Так я и остался в Вологде и два года до последнего дня ссылки, находясь под гласным надзором полиции, прожил под негласным — Щеголева и Савинкова.
5. ИМЕНА
В Кувшинове под Вологдой в сумасшедшем доме доктор Александр Александрович Богданов (Малиновский), автор «Курса политической экономии» и «глас Ильича» в России в те предгрозовые годы. Кончит ссылку Богданов, займет его место О. В. Аптекман — член «Земли и воли» и «Черного передела», один из организаторов группы «Народное право».
В Кувшинове с Богдановым и Марьей Богдановной — Анатолий Васильевич Луначарский, автор «Брадобрея», нарком по просвещению, а тогда только выступивший в литературе под псевдонимом Анатолий Анютин («Русская Мысль»), женат на сестре А. А. Богданова Анне Александровне. «За обедом между первым и вторым блюдом пишет по акту!» — так говорили про Луначарского за его письменную кипучесть. Из первых поэтических опытов мне вспоминается его стихотворение «К ней» и поэма «Она умерла».
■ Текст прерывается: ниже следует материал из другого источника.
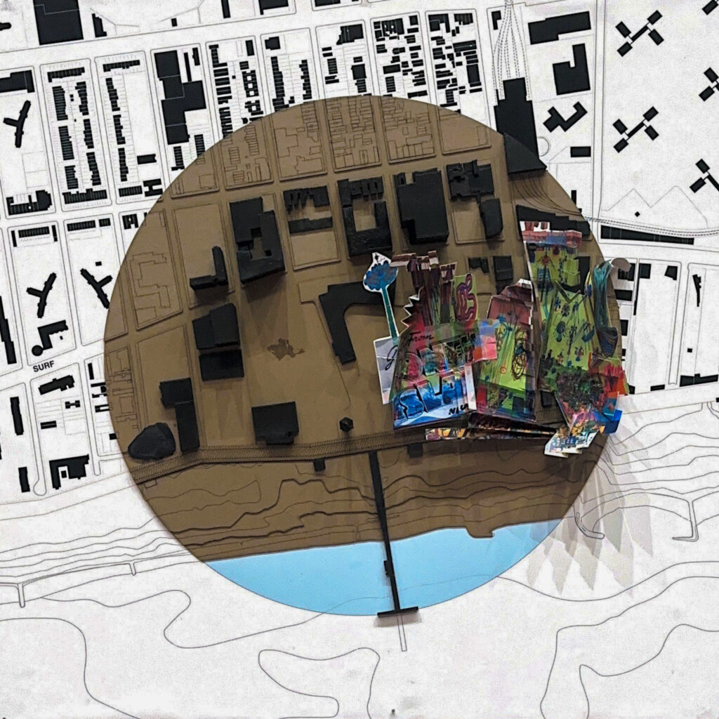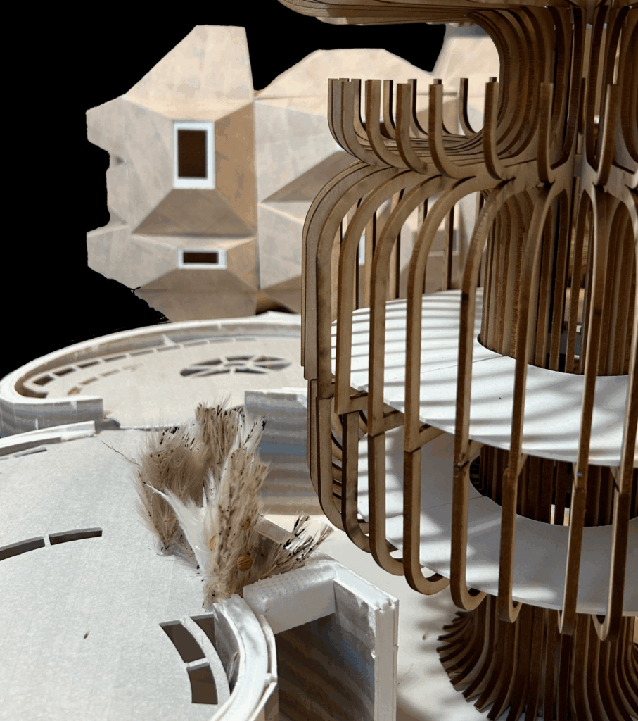 This midterm concept model illustrates the project’s core trade-off: ultra-compact sleeping pods clustered around generous shared amenities (bath, kitchen, recreation, study). It shows how pods bridge into larger volumes, how the circulation spine organizes public vs. private, and how the building lifts to create an open public ground with mostly open-air routes.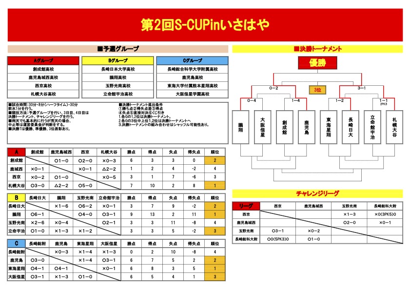 S-CUP in いさはや 決勝トーナメント1日目・結果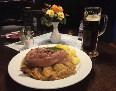 旅游杂志推荐的餐厅,在阿历山大广场的火车站大概走路10分钟就到。猪手是用水煮,十分嫰滑,但他的配菜如萝卜丝和豆泥则十分咸,想全部吃完也不行。红过那里不妨试试。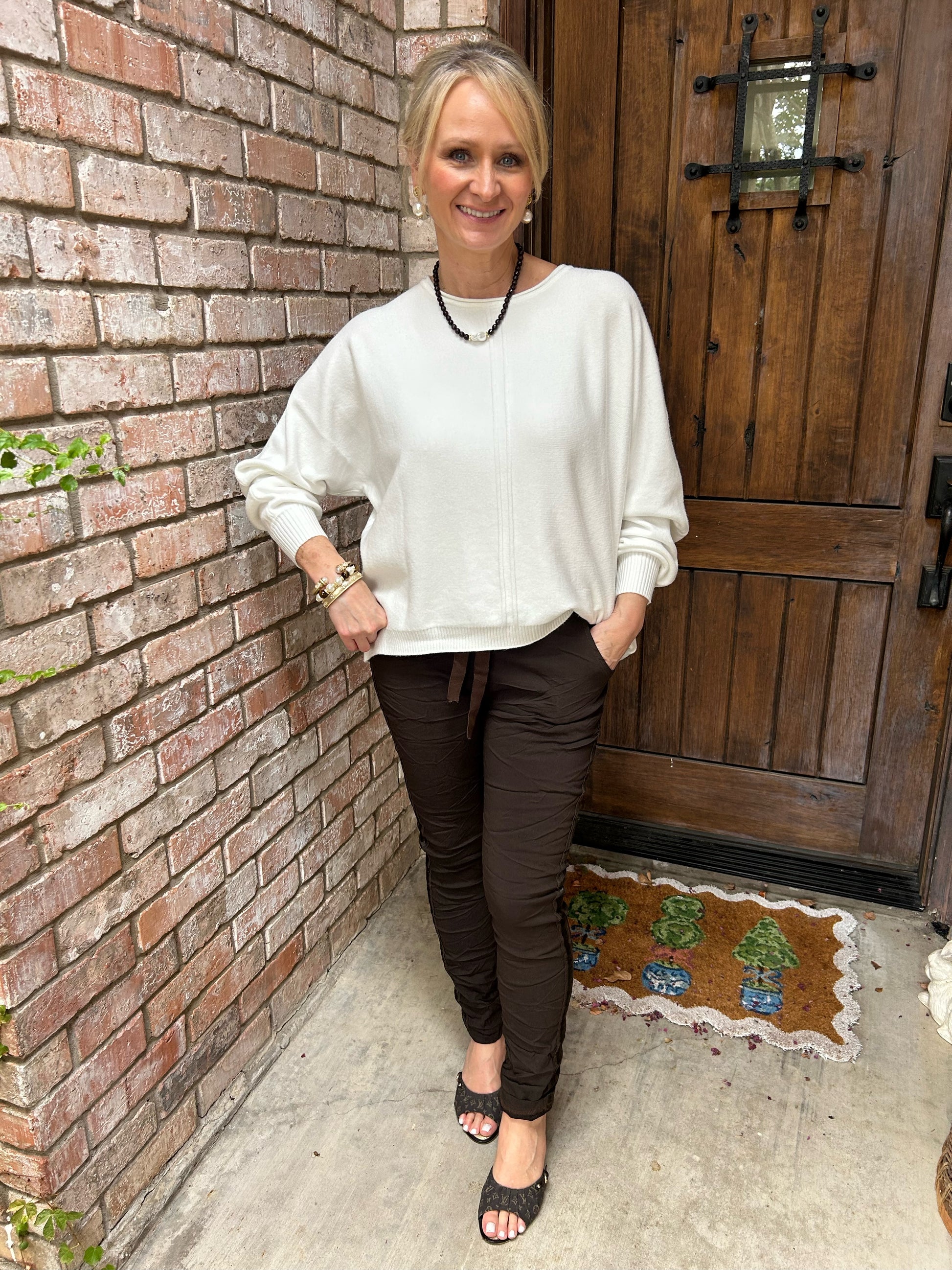 Step up your style game with the Chocolate Joggers, featuring a chic ribbon pinstripe that effortlessly blends comfort and class. Dress them up with heels or boots for a night out, or keep it casual with your favorite sneakers for daytime fun. Perfect for playful days when you want to look sharp without sacrificing coziness.

На Галкинской-Дворянской в доме костела — Борис Викторович Савинков, женат на дочери Г. И. Успенского Вере Глебовне, и у них дети: Таня и Витя. Тогда еще не автор «Коня бледного», а, как и Луначарский, только что выступивший в литературе под псевдонимом В. Канин в московском «Курьере». А около Савинкова по той же улице — Борис Николаевич Моисеенко, впоследствии член «боевой организации» у Савинкова, а кончил виселицей.
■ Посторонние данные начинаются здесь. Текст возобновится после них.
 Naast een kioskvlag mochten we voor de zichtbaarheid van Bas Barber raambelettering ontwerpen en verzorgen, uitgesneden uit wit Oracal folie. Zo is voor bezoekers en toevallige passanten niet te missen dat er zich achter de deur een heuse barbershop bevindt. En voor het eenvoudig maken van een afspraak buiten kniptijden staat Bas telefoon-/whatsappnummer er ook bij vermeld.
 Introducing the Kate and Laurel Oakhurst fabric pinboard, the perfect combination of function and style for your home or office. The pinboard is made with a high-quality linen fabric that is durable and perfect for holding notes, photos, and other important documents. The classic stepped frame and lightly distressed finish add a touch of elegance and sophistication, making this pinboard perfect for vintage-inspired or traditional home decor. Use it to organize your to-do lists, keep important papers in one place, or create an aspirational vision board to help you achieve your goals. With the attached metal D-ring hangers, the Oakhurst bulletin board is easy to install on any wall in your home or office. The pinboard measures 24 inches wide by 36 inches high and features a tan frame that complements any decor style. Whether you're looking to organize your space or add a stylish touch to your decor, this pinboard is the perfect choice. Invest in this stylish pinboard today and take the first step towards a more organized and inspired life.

На Желвунцовской — Павел Елисеевич Щеголев, автор исследования «Сказание Афродитиана о чуде в Персиде», редактор «Былого», основатель «Музея революции», писавший тогда театральную хронику в «Театре и Искусстве» под псевдонимом П. Павлов. На Желвунцовской — Вера Григорьевна Тучапская, переводчица К. Тетмайера (изд. В. М. Саблина, М., 1902 г.) и Павел Лукич Тучапский, Юлия Григорьевна Топоркова, доктор Чиникаев, Владимир Валерьянович и Любовь Николаевна Татариновы и сын Любови Николаевны Миша Чернов. И по соседству — Адам Дионисиевич Рабчевский, о котором шла слава, как о будущем знаменитом адвокате («на одном собрании два часа без передышки говорил!»), писал стихи, но не печатал и занимался, как помощник, у б. ссыльного прис<яжного> пов<еренного> Николая Васильевича Сигорского, женатого на Анне Александровне.
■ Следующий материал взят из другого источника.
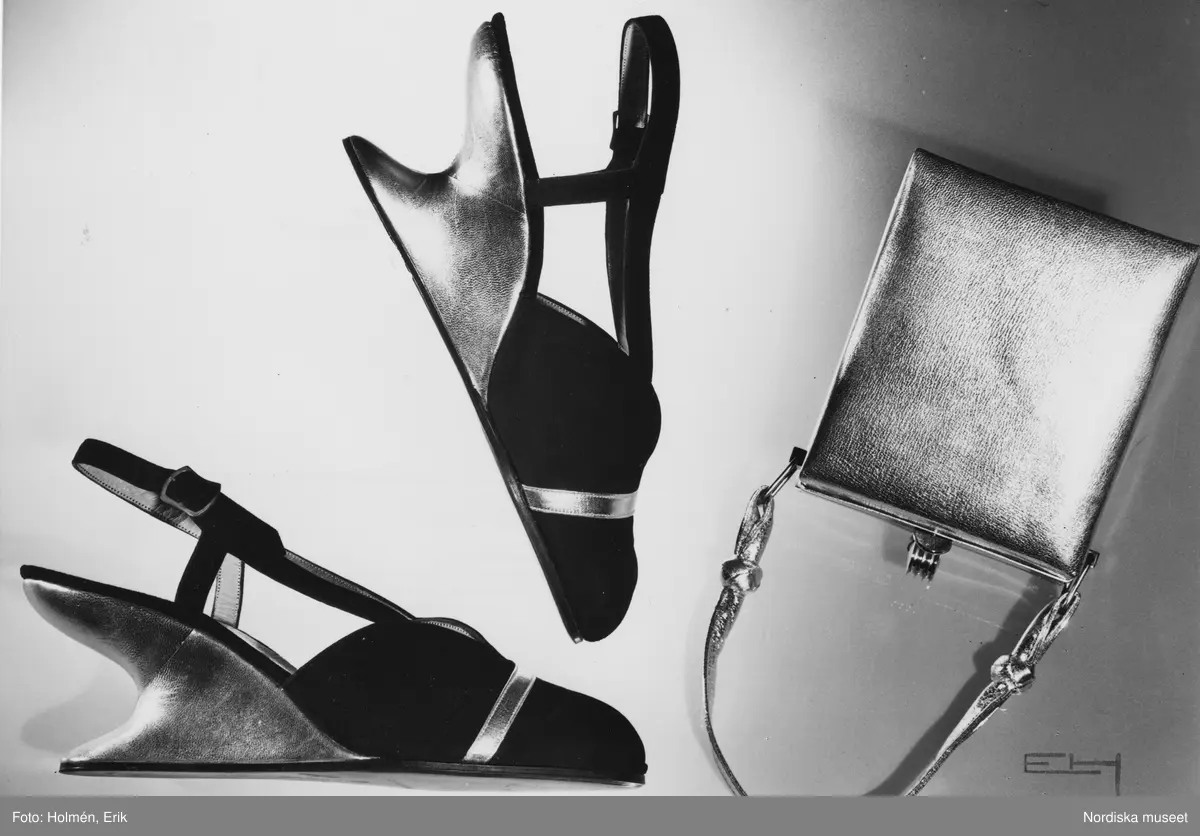 Silverfärgad handväska och aftonskor med silverfärgad sula.

В единственной «первоклассной» гостинице в «Золотом Якоре» Николай Александрович Бердяев, автор «Субъективизма», наш знаменитый философ, в ту пору увлеченный «Женщиной с моря» и «Геддой Габлер» (статья его в «Мире Божьем»), переходил от марксизма к идеализму. И по соседству с Бердяевым — Иосиф Александрович Давыдов, автор «Так что же такое, черт возьми, экономический материализм?». А за Давыдовым — Борис Эдуардович и Любовь Александровна Шен, Марья Вильямовна Кистяковская и Снежки.
В «Колонии» в доме Киршина (что-то вроде коммуны) неподалеку от «Золотого Якоря»: Ольга Гермогеновна Смидович, сестра Вересаева, автора «Записок врача», Николай Михайлович Ионов, Зоя Владимировна Александрова и дядя Яша Принцев — Яков Васильевич, воспитанник в Чудове у Г. И. Успенского, по своей доброте превосходивший всех, кого я только видел; его лицо и улыбка сияли круглый год весенним вологодским солнцем! Все они работали в статистике под начальством Петра Петровича Румянцева. В «Колонии» одно время жила Елена Михайловна Крумзе, напомнившая мне потом Марью Михайловну Шкапскую, и тоже стихи писала, но не такие, не «розановские», а, что увидит, то и опишет. И еще: Анфуса Ивановна Смирнова, Анна Николаевна Рождественская и Броновицкая — статистички. А наискосок от «Колонии» бывший ссыльный присяжный поверенный Владимир Анатольевич Жданов и Надежда Николаевна. А от них два шага Людмила Викторовна и Отто Христианович Аусем, впоследствии советский консул в Париже: с лица туча, а по душе сам май и, как бывало, примутся с П. Е. Щеголевым песни петь — «чтобы ей угодить, веселей надо жить!», а Отто Христианович «на ней большой бриллиант блестел!» — мертвого подымут!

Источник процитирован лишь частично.